DIRECTIONS FOR THIS TASK: The answer must consist solely of the lines below starting at the one containing "Es scheint daher, dass" and ending at the one containing "The crib is", repeated exactly, with both ends included and all pictures omitted.

MATERIAL SUPPLIED:

[Start of section]

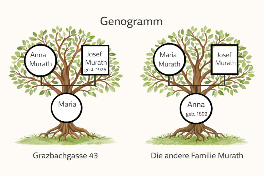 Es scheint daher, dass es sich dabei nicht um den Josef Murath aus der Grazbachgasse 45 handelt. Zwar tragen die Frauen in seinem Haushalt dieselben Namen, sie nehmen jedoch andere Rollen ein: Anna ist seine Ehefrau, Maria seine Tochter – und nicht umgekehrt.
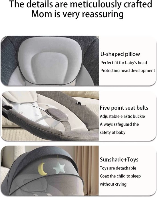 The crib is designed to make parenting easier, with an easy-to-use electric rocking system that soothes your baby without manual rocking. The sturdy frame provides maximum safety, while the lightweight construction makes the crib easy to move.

[End of section]
[Start of section]

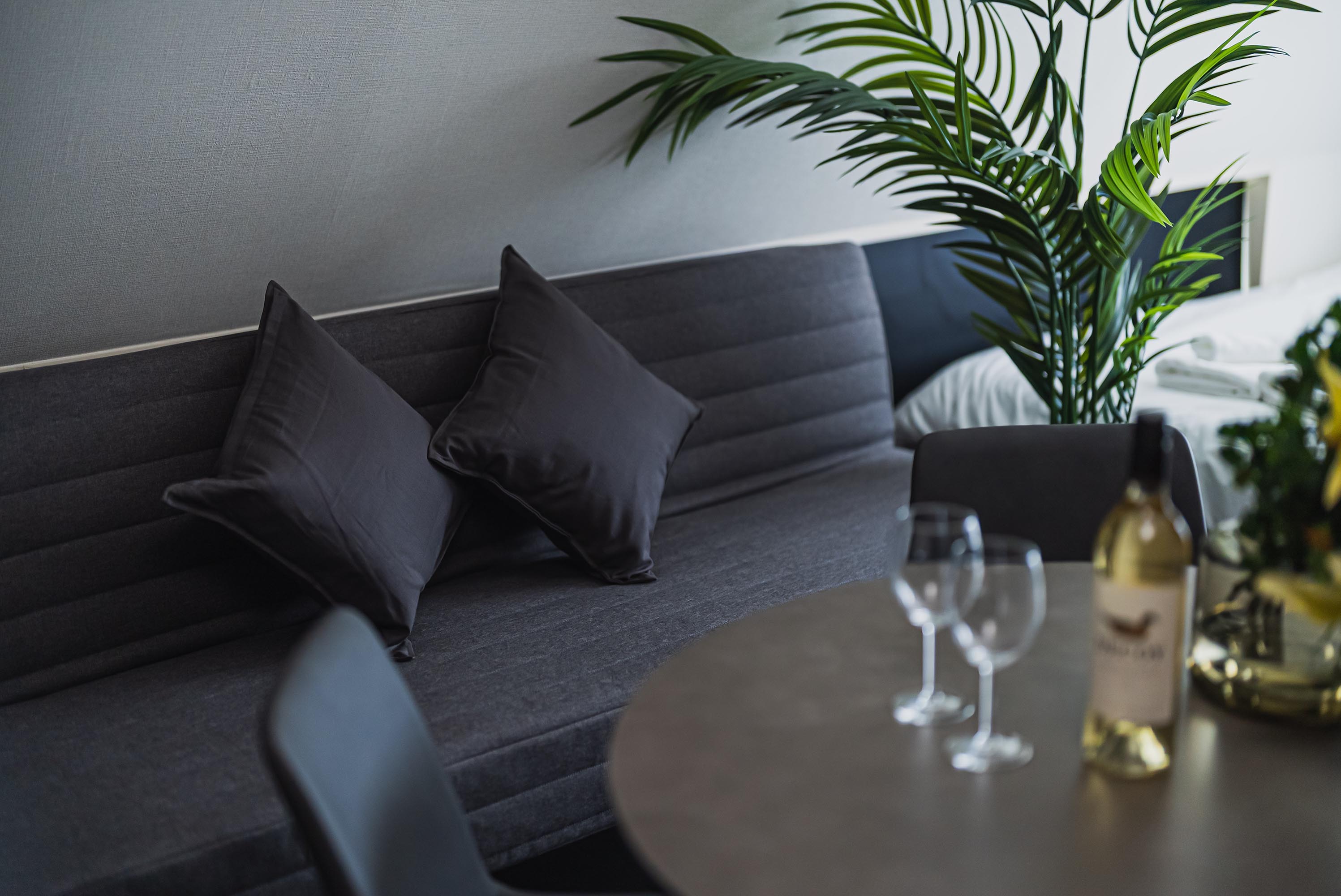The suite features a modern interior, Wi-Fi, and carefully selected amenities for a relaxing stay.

[End of section]
[Start of section]

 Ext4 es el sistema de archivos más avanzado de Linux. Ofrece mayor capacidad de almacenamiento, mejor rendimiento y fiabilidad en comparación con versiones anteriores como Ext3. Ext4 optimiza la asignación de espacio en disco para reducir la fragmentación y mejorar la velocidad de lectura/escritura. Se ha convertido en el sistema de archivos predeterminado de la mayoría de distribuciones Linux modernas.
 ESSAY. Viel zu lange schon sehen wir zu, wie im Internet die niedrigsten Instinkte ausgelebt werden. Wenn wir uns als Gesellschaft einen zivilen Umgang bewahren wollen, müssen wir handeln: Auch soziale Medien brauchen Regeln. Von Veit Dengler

[End of section]

RESPONSE:
 Es scheint daher, dass es sich dabei nicht um den Josef Murath aus der Grazbachgasse 45 handelt. Zwar tragen die Frauen in seinem Haushalt dieselben Namen, sie nehmen jedoch andere Rollen ein: Anna ist seine Ehefrau, Maria seine Tochter – und nicht umgekehrt.
 The crib is designed to make parenting easier, with an easy-to-use electric rocking system that soothes your baby without manual rocking. The sturdy frame provides maximum safety, while the lightweight construction makes the crib easy to move.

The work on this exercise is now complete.